Les visiteurs et touristes pouvaient tranquillement y flâner au milieu des boutiques colorées et parfumées des teinturiers, potiers, bijoutiers, boulangers, menuisiers traditionnels, dinandiers ou autres artisans qui excellaient dans le travail de la soie ou la fabrication de lits à baldaquins, dits «bnak el qoubba». A présent, avons-nous constaté lors de notre virée sur les lieux, l'ambiance chaleureuse et la convivialité que dégageait jadis ce labyrinthe d'artisans n'est que souvenir, laissant place à un chantier de restauration des vieilles bâtisses qui menacent ruine. La plupart des habitants vivent dans l'espoir de pouvoir quitter un jour le quartier.
A La Casbah, les rapports des hommes avec leur milieu ont également besoin d'être restaurés. Mis à part les quelques visiteurs nostalgiques qui continuent à s'y rendre comme pour se lamenter sur le sort de ce quartier historique de la capitale, La Casbah d'Alger ne connaît pas la grande affluence comme cela est le cas des cités historiques dans d'autres pays. Aujourd'hui, il ne reste qu'une minorité d'artisans qui continuent d'exercer et tiennent à leur métier par passion. Ils se sont fixé l'objectif de pérenniser ces métiers et préserver le patrimoine historique, culturel, mais aussi un pan de l'identité du peuple algérien.
«Chacune de nos œuvres raconte une histoire», nous dit Tahar Boudekak, fabricant d'objets en cuivre. Mais, peut-on vivre uniquement de sa passion ? La réponse est oui à condition que cette passion se révèle rentable pour l'artisan.
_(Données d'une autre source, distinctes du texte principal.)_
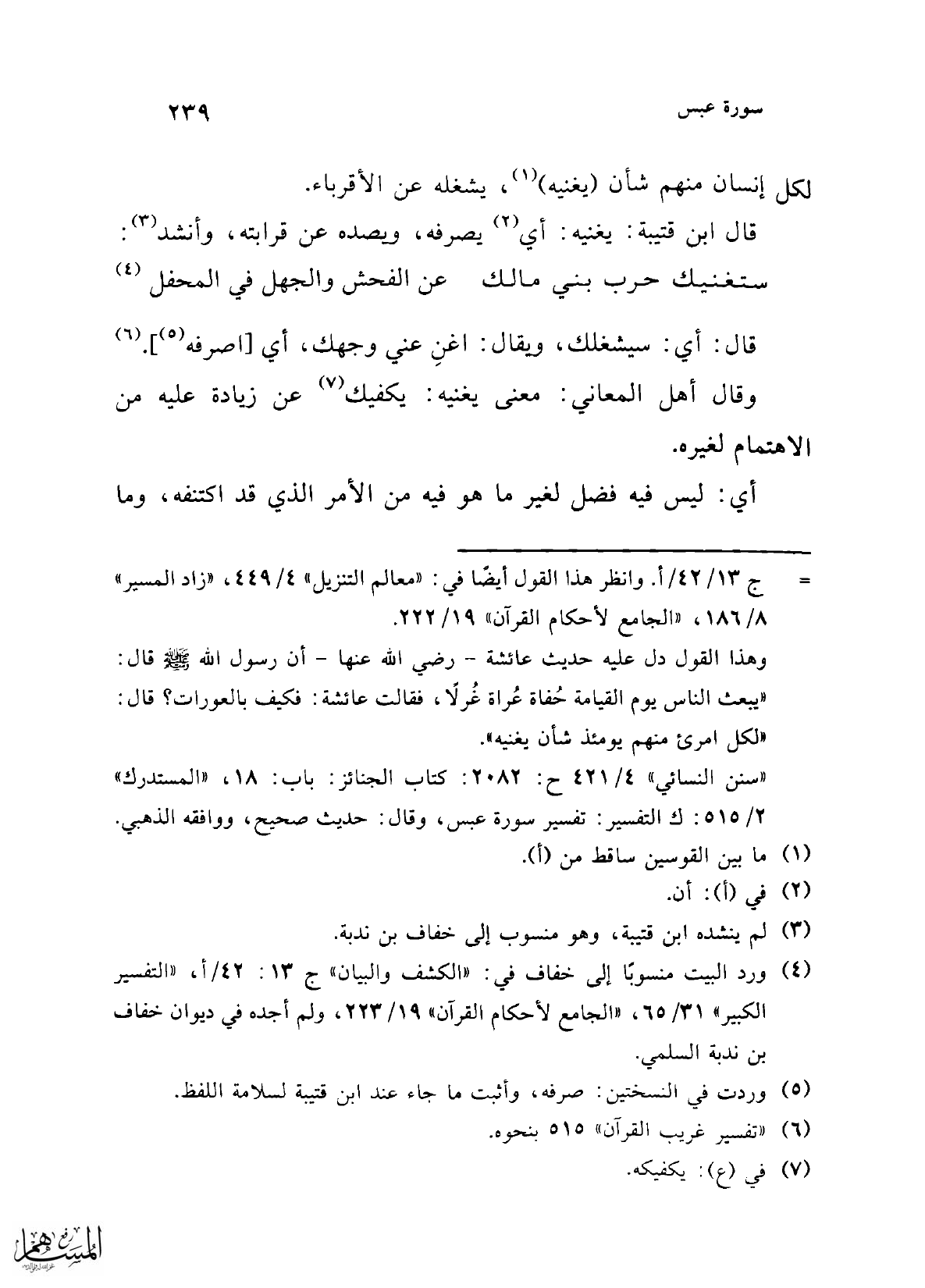 (¬4) ورد البيت منسوبًا إلى خفاف في: "الكشف والبيان" ج 13: 42/ أ، "التفسير الكبير" 31/ 65، "الجامع لأحكام القرآن" 19/ 223، ولم أجده في ديوان خفاف بن ندبة السلمي.

Un patrimoine en perdition
«Nous avons aussi des bouches à nourrir», déclare cet artisan, découragé comme tant d'autres du fait des nombreuses difficultés auxquelles ils sont confrontés au quotidien dans l'exercice de leur métier. Certains se sont carrément tournés vers d'autres activités plus lucratives, telles que le commerce. D'autres ont choisi la voie de l'informel. Pourtant, dans l'optique de l'après-pétrole, le secteur de l'artisanat en Algérie nécessite d'être dynamisé, étant donné le rôle qu'il peut jouer dans la création d'emplois et de richesses au même titre que les entreprises à caractère économique.
«Nos produits ne sont pas destinés uniquement au marché local, bien au contraire, ils peuvent facilement être exportés dès lors que nous recevons des étrangers qui viennent spécialement pour les acquérir», s'exprime ainsi l'artisan que nous avons rencontré dans la cité historique de La Casbah, faisant allusion aux potentialités des activités artisanales en termes de contribution aux exportations hors hydrocarbures. Sans vouloir s'attarder sur les aspects dégradés de La Casbah, qui font d'ailleurs couler beaucoup d'encre, nous sommes partis à la rencontre de quelques artisans pour en savoir plus sur leurs préoccupations. Ici quelques témoignages poignants.
«Nous emporterons notre savoir-faire dans nos tombes»
Agé d'une soixantaine d'années, Khaled Mahiout, héritier d'un atelier de menuiserie traditionnelle, se lamente sur le sort du métier qu'il exerce. Un métier qui, selon lui, risque de disparaître à tout jamais avec la disparition des quelques artisans qui continuent à l'exercer malgré un environnement hostile et une avalanche de contraintes. Il n'est pas moins évident qu'à leur mort, les derniers artisans qui exercent encore à La Casbah d'Alger emporteront dans leur tombe une bonne partie de la culture et de l'histoire de l'Algérie.
Ce natif de La Casbah fait allusion au manque d'engouement de la part des jeunes générations pour ces métiers, alors qu'elles sont éprises de gain facile et rapide. «Ce n'est pas notre cas. Le savoir-faire nous a été transmis de père en fils», nous explique-t-il avant d'avouer qu'il continuera à «exercer ce métier même si la rentabilité ne sera pas au rendez-vous». Si cet artisan évoque le souci de rentabilité c'est que son activité en souffre réellement.
En effet, les coûts engagés dans la fabrication de ses œuvres, qui se traduisent en termes de temps et d'énergies, ne sont pas valorisés. Des mesures incitatives doivent être prises, estime-t-il, par les pouvoirs publics, poussant les artisans à transmettre leur savoir-faire aux jeunes générations et à les prendre en charge. Des efforts doivent également être déployés en vue de motiver cette population à apprendre les métiers de l'artisanat. Au-delà des difficultés financières, notre interlocuteur fait référence à un problème d'ordre logistique. «Il m'est impossible de transporter les matières premières ou les produits finis à la vente car tous les accès à La Casbah sont bloqués par les autorités aux moyens de transport, et ce, pour des considérations inconnues», déclare-t-il.
«Des efforts restent à faire dans la commercialisation»
Témoin de l'état déplorable dans lequel se trouve La Casbah ces dernières années, El Hachmi Ben Mira est un artisan dinandier qui cumule plus de 58 ans d'expérience dans le domaine, mais la perdition des métiers d'antan exercés dans cette cité ancienne le déchante. Il estime que l'activité en elle-même se porte bien, il y a un effort à faire en aval, dans la commercialisation. «Il nous manque des espaces de vente dans lesquels on pourrait faire connaître nos produits, pour l'instant on se base sur le bouche-à-oreille», déclare-t-il. Pour valoriser le patrimoine historique et culturel, les foires et Salons nationaux et internationaux, bien qu'ils permettent à l'artisan de dégager un chiffre d'affaires, ne suffisent pas pour faire revivre l'activité.